Early photography can be hard to fathom, and not just because of all those people in top hats and capes trying and failing to keep still during ten-minute exposure times. The infancy of the medium in the 1830s is a confusing whirl of near-contemporaries, all messing about with lenses and chemicals in a bid to capture the fleeting world.
A matter of national pride, who did what, and when, is debated even today. France had Nicéphore Niépce who, as early as 1826 made a photographic image of his country estate using a camera obscura (a small wooden box fitted with a lens); Louis-Jacques-Mandé Daguerre, who gave his name to a new process of printing using light-sensitive, silver-plated copper; and Hippolyte Bayard who developed his own process and held the world’s first photo show in 1839.
On this side of the channel, we had gentleman scientist William Henry Fox Talbot, whose innovations with a negative-positive process were instrumental in creating images that were relatively light-fast and permanent. ‘Relatively’ is the operative word here; many of the images in this show are modern digital copies, the originals being too fragile to display.
Great storytelling in the early stages of this exhibition, which focuses on Talbot but includes examples by his European counterparts, gives a pacy account of these overlapping achievements. It’s science heavy (this is the Science Museum, after all) but also surprisingly poetic,with wall texts setting scenes such as the one in 1833 when Talbot, on the shores of Lake Como, wondered aloud how he might make ‘fairy pictures, creations of a moment… fix themselves upon the paper’.

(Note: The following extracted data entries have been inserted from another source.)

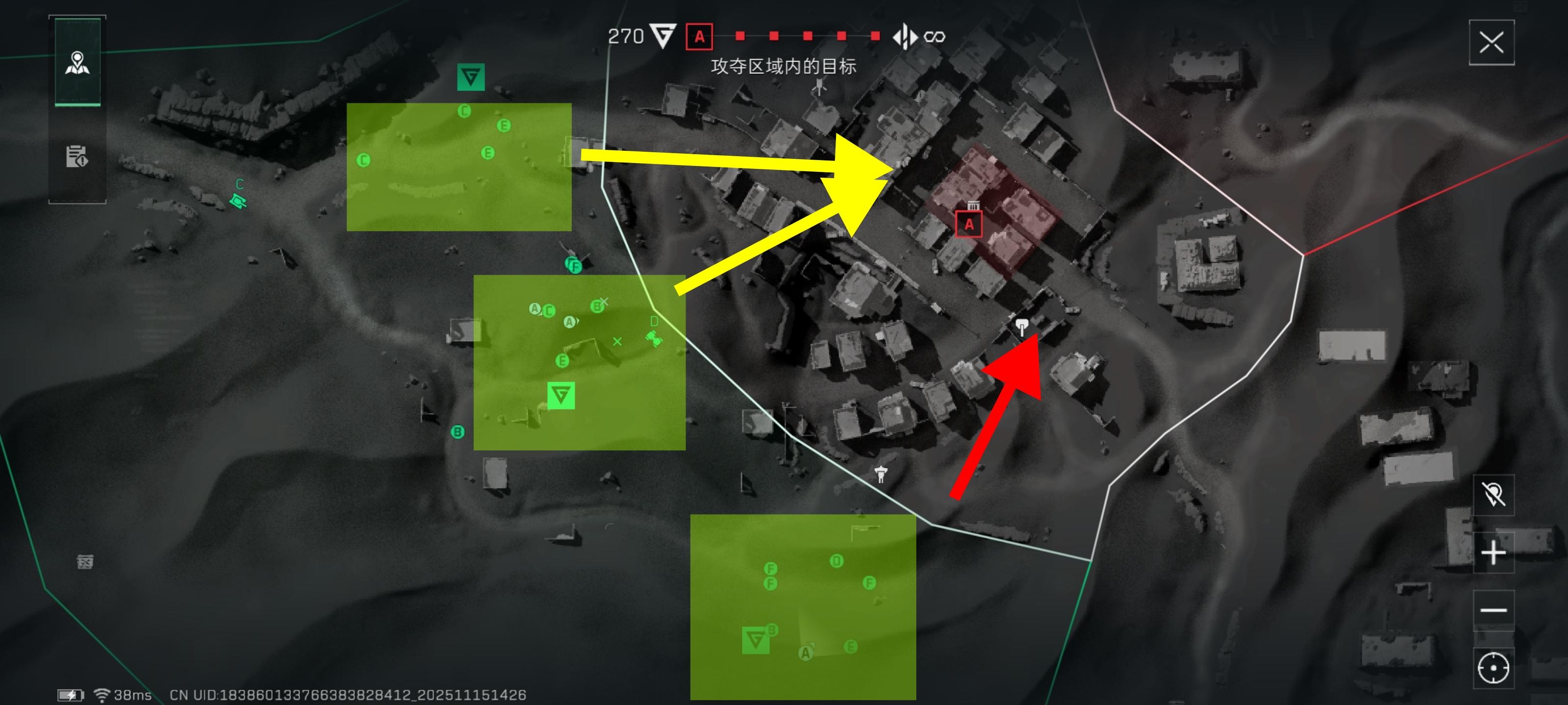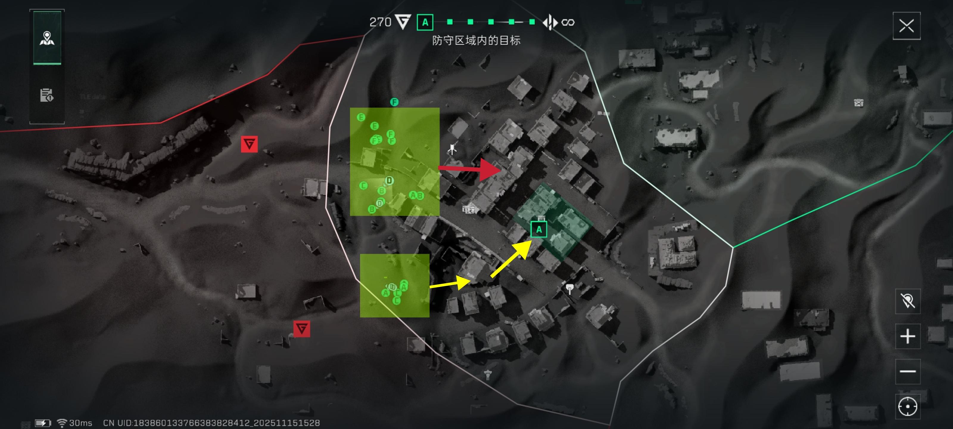 防守方与进攻方开局可以说是脸对脸见面就打的一个局面,只要防守方的枪线不密集很容易被攻防冲破。那么两个复活点的人可以利用开局的地形优势沿着黄色和红色剪头进入建筑内,通过进行高打底进行压倒性的火力输出在搭配上工程兵的ADS和支援的弹药箱可以进行几乎性质的输出。同时在A点也必须有人占领周围的房子以防对面打侧面进行速点。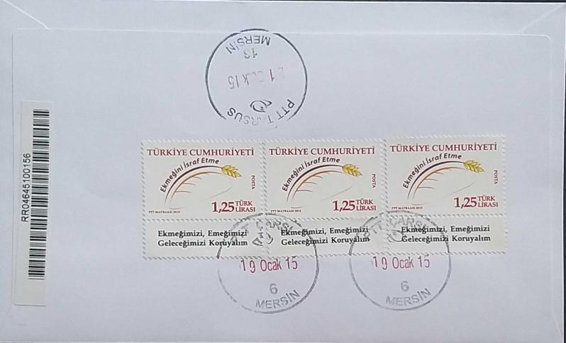 Türkiye Cumhuriyeti 2015 2 Adet Büyük Boy FDC Doğal Koruma Alanları & Ekmek İsrafı Türkiye Yüzyılı Postadan Geçmiş.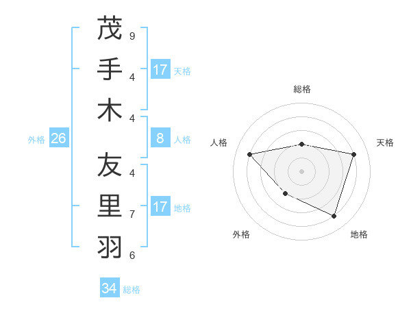 茂手木 友里羽さんを姓名の画数から五運を鑑定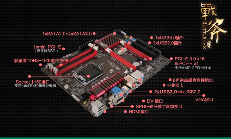 | 兼容系列 | 支持intel LGA1150 Haswell处理器(3+3相供电,支持TDP95W处理器,建议使用功耗少于或者等于95W的处理器) |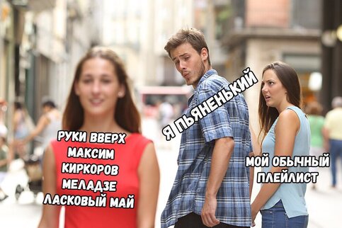 Distracted boyfriend – мем, основанный на фотографии, где парень, идущей с девушкой за руку, смотрит на другую девушку, проходящую мимо.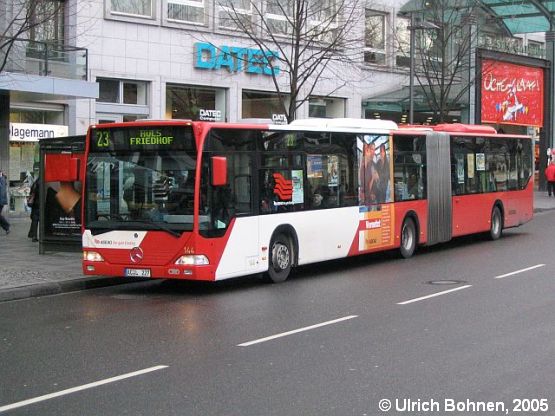 2003 beschaffte die ASEAG 20 EvoBus-Mercedes O 530 G (Citaro) und reihte diese mit den Nummern 136-155 in den großen Fuhrpark ein. Auch diese Fahrzeuge haben lediglich Lufttauscher auf dem Dach. Wagen 144 trägt eine ASEAG-Eigenwerbung und konnte am Aachener Elisenbrunnen aufgenommen werden.
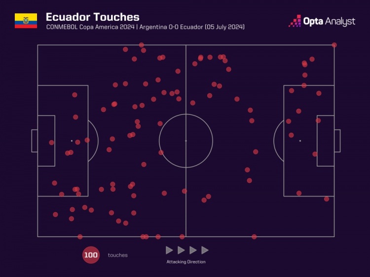 比赛开场前15分钟厄瓜多尔禁区内触球8次,阿根廷0次

Back home, he started placing plants and pieces of lace on paper coated with light-sensitive silver nitrate, fixing the images with salt to create what he dubbed ‘shadow drawing’. By 1835, he was using a camera obscura to take images in and around his house, Lacock Abbey in Wiltshire. He photographed an oak tree, a footman, his half-sister playing a harp . He went on his travels, to Oxford, Scotland and, in April 1844, to London, where he shot some of the very first photographic images of the capital (‘Nelson’s Column Under Construction’, pictured).
These are magical to behold. Even subjects as mundane as an open door or a bookshelf possess a kind of magnetism by virtue of being among the oldest in existence. That Talbot was a scientist rather than an artist, though, is borne out by the work in the latter stages of the show. More interested in the perfecting printing techniques, he started reproducing his own, much earlier images or borrowing those of others.
In a show of revelations, perhaps the greatest is that, despite its shadowy beginnings, photography’s practical applications – noble or otherwise – were illuminated almost immediately. As set out in his 1844 book ‘The Pencil of Nature’, Talbot identified that, in addition to taking beautiful pictures, you could catalogue your possessions (as evidence that could stand up in court) and copy important documents. Meanwhile, in Germany, Johann Carl Enslen was superimposing the face of Christ on an oak leaf, while in France, Hippolyte Bayard, miffed that Daguerre was getting all the credit, issued a photograph of himself as a drowned man with a suicide note on the back. Hot on the heels of the first photograph, it was the first photographic hoax. Which is the great thing about this show. While imparting loads of technical info about photography, it tells you even more about human nature.